Many application have functionality for importing or exporting data in XML format. Sometimes you will get an error about an illegal XML character:

XML parsing: line 1, character 2967663, illegal xml character

And then you will have to try to find that character, which is very hard. This solution can help you out.

Solution

This solution creates a stored procedure search_illegal_xml_characters which searches your entire database for illegal XML characters. It is also possible to search in one specific table.

The procedures uses a function, remove_illegal_characters_for_xml, which is also created in this solution. Important: this function does NOT remove illegal characters from your database. It only removes those characters from a string.

Dynamic model add_search_illegal_xml_characters

This dynamic model code creates stored procedure search_illegal_xml_characters and function remove_illegal_characters_for_xml.

If you want to use this procedure as task, create your own task which start the procedure.
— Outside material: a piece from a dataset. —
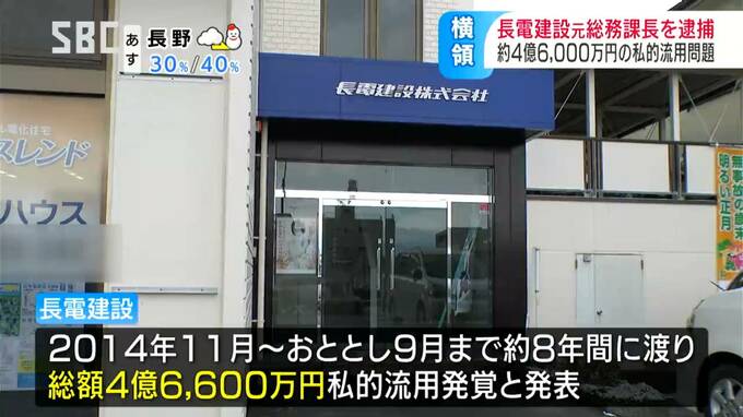 長野市の長電建設で元総務課長を務めていた男が、業務上横領の疑いで逮捕されました。

Control procedure remove_illegal_characters_for_xml

This control procedure adds a template to function remove_illegal_characters_for_xml.
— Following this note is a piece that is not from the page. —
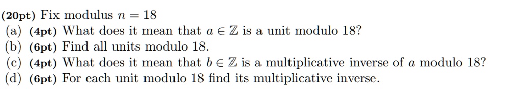 (20pt) Fix modulus n = 18 (a) (4pt) What does it mean that a ∈ℤ is a ...

Template remove_illegal_characters_for_xml

This template provides code for function remove_illegal_characters_for_xml.

Control procedure proc_search_illegal_xml_characters

This control procedure adds three templates to procedure search_illegal_xml_characters.

Template declarations

This template declares needed variables.

Template collect_results

This template searches in a field for an illegal XML character.

Template print_results

This template prints the results to the screen.

In the attachment you will find the code of this solution.


This topic has been closed for comments

1 reply

For future reference, when using this functionality:

USE [PROJECT_SF_ONT]
GO
-- I already know `subroutine_parmtr` has a problem; IAM complained about syncing that table
DECLARE @RC int
DECLARE @project_id [dbo].[project_id] = 'MY_PROG'
DECLARE @project_vrs_id [dbo].[project_vrs_id] = 'TROUBLED_VERSION'
DECLARE @tab_id [dbo].[tab_id] = 'subroutine_parmtr'

EXECUTE @RC = [dbo].[task_search_illegal_xml_characters]
@project_id
,@project_vrs_id
,@tab_id
GO

-- gives a list of subroutine_parmtr records that have a problem, and gives the specific field
-- U+001F:

-- now, for some context, print that field with and without the forbidden characters
select dbo.replace_illegal_characters (alias_subroutine_parmtr_id)
, alias_subroutine_parmtr_id,*
from subroutine_parmtr sp
where project_vrs_id = 'TROUBLED_VERSION'
and dbo.replace_illegal_characters (alias_subroutine_parmtr_id)<>alias_subroutine_parmtr_id

This is what a forbidden character ( U+001F in this case) might look like:” “ (ok, that does not help a lot, it gets filtered out when saving the post)

I have had illegal characters turn up in a variety op places. In the last case they were in the not used and otherwise empty ‘alias_subroutine_parameter_id'.

After editing the record in the SF, ctrl-a and delete the value, the illegal character did not show up when running the query.

When all is clear, the result ends in:


<msg id="no_illegal_xml_character_found"></msg>